2. In section 2.3 regarding Smart Nanoactive Complexes Deposition on Bone Substitute, the commercial bone substitutes i.e. Antartik® sponges are dipped in Chitosan/HEP/VEGF solutions. Hence this is a surface adsorption as the SNC are not deposited during bone substitute preparation. Hence could you comment on the release of VEGF & HEP? According to me, surface adsorption would result in burst release of factors and as a result prolonged angiogenesis in relation to bone regeneration may be questionable.

 

Answers: We thank the reviewer for this important remark about the cell contact-dependent active release of therapeutic agents by nanoreservoir which is a patented technology (PCT/EP2012/052976). The Smart Nanoactive Complexes (SNCs) are not only deposited to the surface, but homogenously integrated to the nanofibers of the Antartik spongesnot by this technology (Mendoza-Palomares  et al., ACS Nano, 2012; Eap et al., Biomed Mater Eng, 2012; Eap et al., Int. J. Nanomedicine, 2015; Keller et al., Nature Communications, 2019).

 

 

3. Overall the enhancement of angiogenesis by VEGF-HEP complex is already well known and established. Hence what’s the novelty of the study?

 

Answers: We thank the reviewer to point out the issue of novelty. We agree with the reviewer that VEGF-HEP complex is well known to enhance the angiogenesis. However, in this study, we have demonstrated that VEGF-HEP complex released in a cell contact-dependent active manner by patented nanoreservoir technology (PCT/EP2012/052976) could efficiently promote the angiogenesis both in vitro and in vivo.

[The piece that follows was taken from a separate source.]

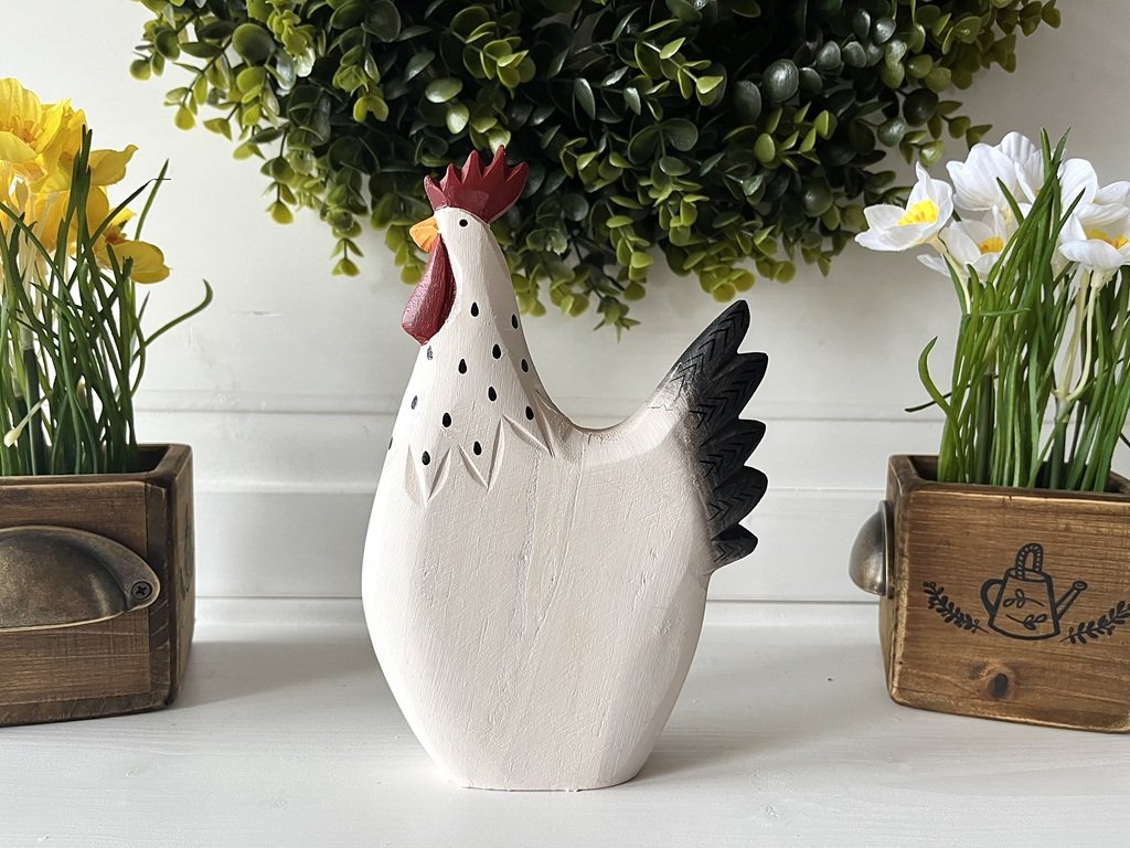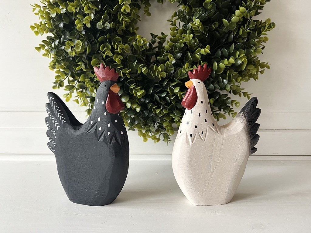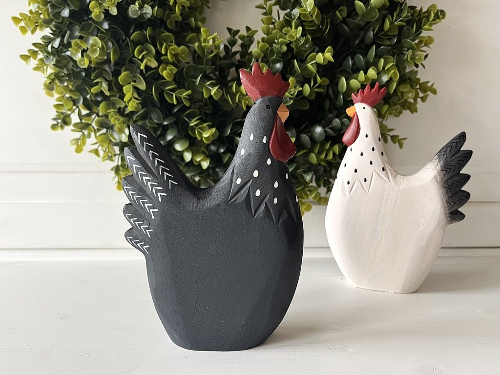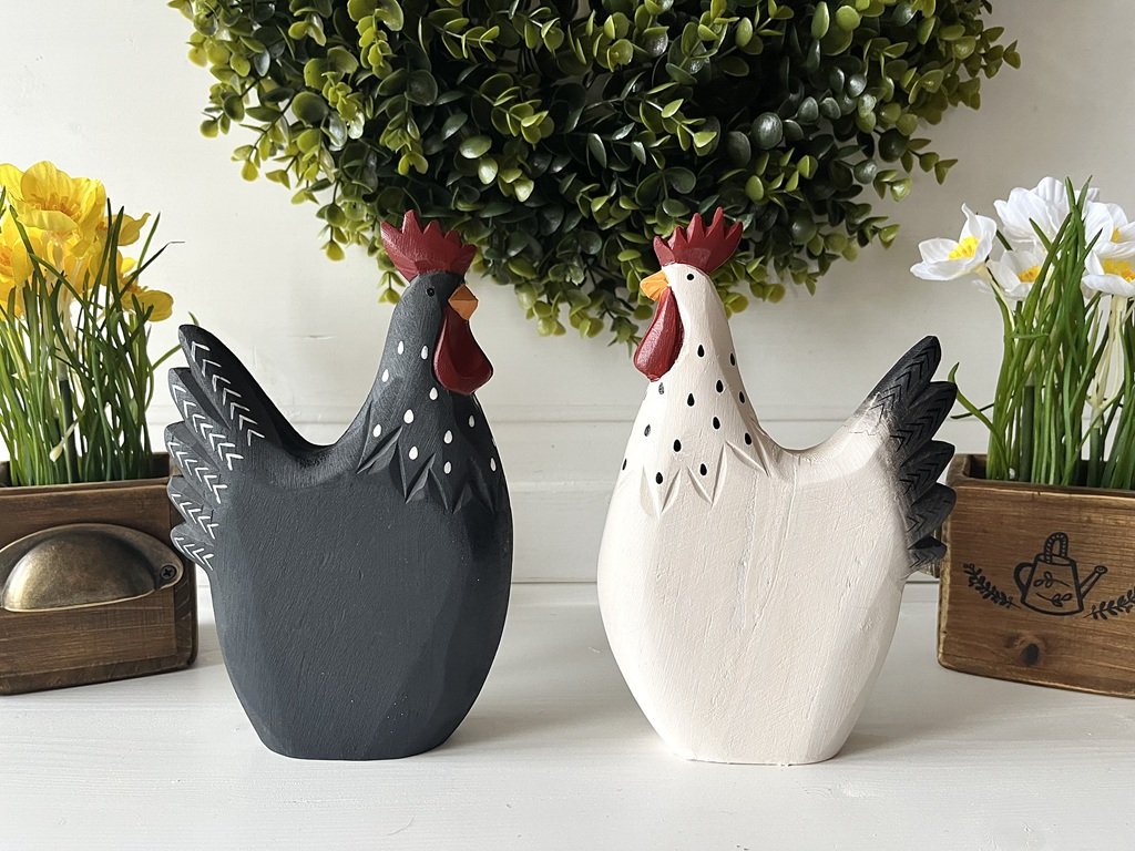 Tak tento párek nepřehlédnete. Černá slepička a bílý kohout se stanou nepřehlédnutelnými ve Vašich jarních aranžmá, ať už na stole, komodě či na zahradě.

Our laboratories have published that a very low, but sufficient amount of BMP2 (100 ng/cm2 = 10.000 times lower than that found in the Medtronic implant (Inductos Collagen membrane)) is able to induce bone regeneration without triggering inflammatory side effects (Mendoza-Palomares  et al., ACS Nano, 2012; Eap et al., Biomed Mater Eng, 2012; Eap et al., Int. J. Nanomedicine, 2015; Keller et al., Nature Communications, 2019).

 

 

 

 

4. Include the magnifications and scale bars for all the SEM and AFM images including the supplementary figures.

 

Answers: All the scale bars are indicated in the legends.

 

 

5. In Figure 6, what do NF and F denote?

 

Answers: NF means non-functionalized HEP/VEGF-SNCs, F means functionalized HEP/VEGF-SNCs. We have added these definitions (see lines 526-527).

 

6. As depicted in Figure 6, even in the absence of SNC, angiogenesis is observed whereas in the presence of SNC, angiogenesis enhanced. But this is contrary to the title, which indicates stoppage of blood vessels.

 

Answers: We agree with the reviewer that in the absence of SNC, angiogenesis is observed as depicted in Figure 6.  However, these few blood vessels are all around the mineral blocks and could not across the obstacles as indicated in the title that angiogenesis could not be occurred where there are mineral blocks. This is the major problem of lack of vascularization when filing the critical bone defects with the usual bone substitutes. In this figure, it is clear that with our HEP-VEGF-SNCs, the angiogenesis has been enhanced as observed by the reviewer, the newly-formed vessels can no longer encounter mineral blocks and pursue their course of vasculature.

 

Round 2

Reviewer 2 Report

A suggestion would be that the authors can depict the stoppage of blood vessels in a usual bone substitute vs the nano functionalized substitute more clearly with closely magnified CT images, if possible.

As indicated in the answer to query 6, stating blood vessels cannot cross the obstacle, this can be projected with a magnified CT.